§ Aim of the exercise: Begin with the line below holding "The Moleskine Metro" and go on through the line holding "El-gitar, basswood-kropp, roasted", duplicating each line exactly and leaving out pictures.

§ Data for this exercise:

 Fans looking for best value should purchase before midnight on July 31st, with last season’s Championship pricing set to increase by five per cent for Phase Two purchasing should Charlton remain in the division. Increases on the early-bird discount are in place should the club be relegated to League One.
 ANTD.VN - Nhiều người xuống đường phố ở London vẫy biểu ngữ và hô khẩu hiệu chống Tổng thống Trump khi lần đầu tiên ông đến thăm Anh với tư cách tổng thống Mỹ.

--

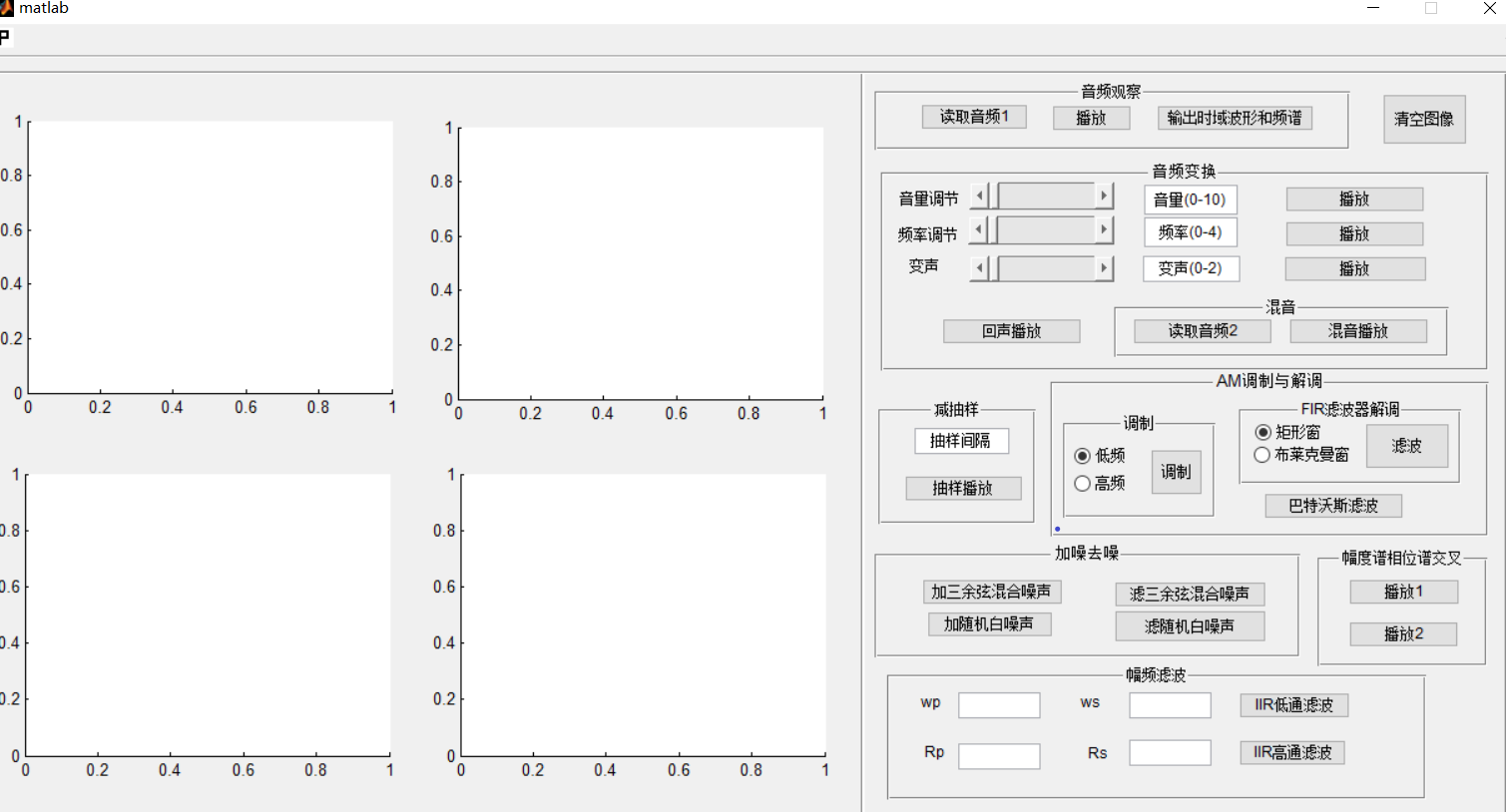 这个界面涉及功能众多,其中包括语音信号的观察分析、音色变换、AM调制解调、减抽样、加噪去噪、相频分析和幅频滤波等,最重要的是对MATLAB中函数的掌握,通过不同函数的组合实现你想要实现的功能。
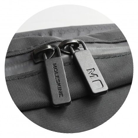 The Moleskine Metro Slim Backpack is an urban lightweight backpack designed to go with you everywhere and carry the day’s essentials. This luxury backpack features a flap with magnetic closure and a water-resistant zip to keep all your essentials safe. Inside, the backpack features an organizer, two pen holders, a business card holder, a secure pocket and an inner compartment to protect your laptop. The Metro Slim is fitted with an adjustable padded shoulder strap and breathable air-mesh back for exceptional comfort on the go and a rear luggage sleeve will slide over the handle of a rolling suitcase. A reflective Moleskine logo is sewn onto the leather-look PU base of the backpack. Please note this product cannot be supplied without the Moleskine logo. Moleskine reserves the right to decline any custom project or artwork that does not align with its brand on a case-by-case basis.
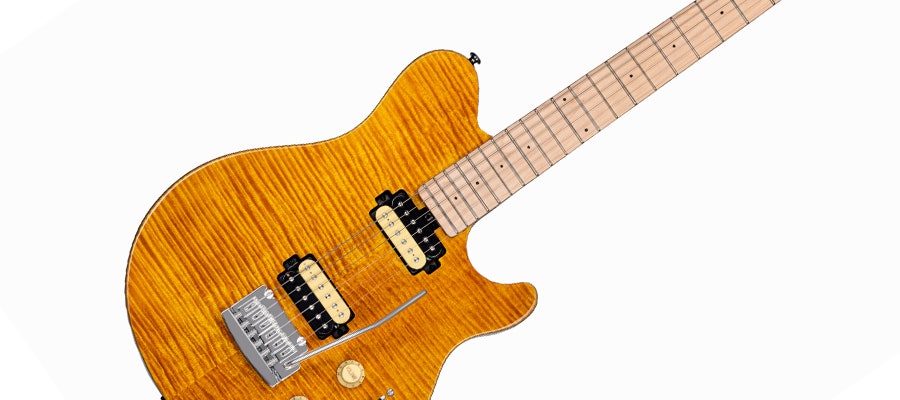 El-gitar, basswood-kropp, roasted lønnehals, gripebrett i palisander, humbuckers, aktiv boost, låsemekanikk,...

---

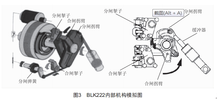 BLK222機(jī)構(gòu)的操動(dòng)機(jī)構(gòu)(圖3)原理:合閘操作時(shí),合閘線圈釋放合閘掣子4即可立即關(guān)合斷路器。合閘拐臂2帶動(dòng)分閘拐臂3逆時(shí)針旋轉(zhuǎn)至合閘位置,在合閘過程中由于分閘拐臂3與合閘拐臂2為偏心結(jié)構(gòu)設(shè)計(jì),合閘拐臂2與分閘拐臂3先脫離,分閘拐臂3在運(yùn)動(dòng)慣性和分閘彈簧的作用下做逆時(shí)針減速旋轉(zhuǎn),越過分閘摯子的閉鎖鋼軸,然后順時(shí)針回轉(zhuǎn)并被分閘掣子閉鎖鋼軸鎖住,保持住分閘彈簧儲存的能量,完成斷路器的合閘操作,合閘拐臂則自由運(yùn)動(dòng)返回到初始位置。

§ Exercise answer:
 The Moleskine Metro Slim Backpack is an urban lightweight backpack designed to go with you everywhere and carry the day’s essentials. This luxury backpack features a flap with magnetic closure and a water-resistant zip to keep all your essentials safe. Inside, the backpack features an organizer, two pen holders, a business card holder, a secure pocket and an inner compartment to protect your laptop. The Metro Slim is fitted with an adjustable padded shoulder strap and breathable air-mesh back for exceptional comfort on the go and a rear luggage sleeve will slide over the handle of a rolling suitcase. A reflective Moleskine logo is sewn onto the leather-look PU base of the backpack. Please note this product cannot be supplied without the Moleskine logo. Moleskine reserves the right to decline any custom project or artwork that does not align with its brand on a case-by-case basis.
 El-gitar, basswood-kropp, roasted lønnehals, gripebrett i palisander, humbuckers, aktiv boost, låsemekanikk,...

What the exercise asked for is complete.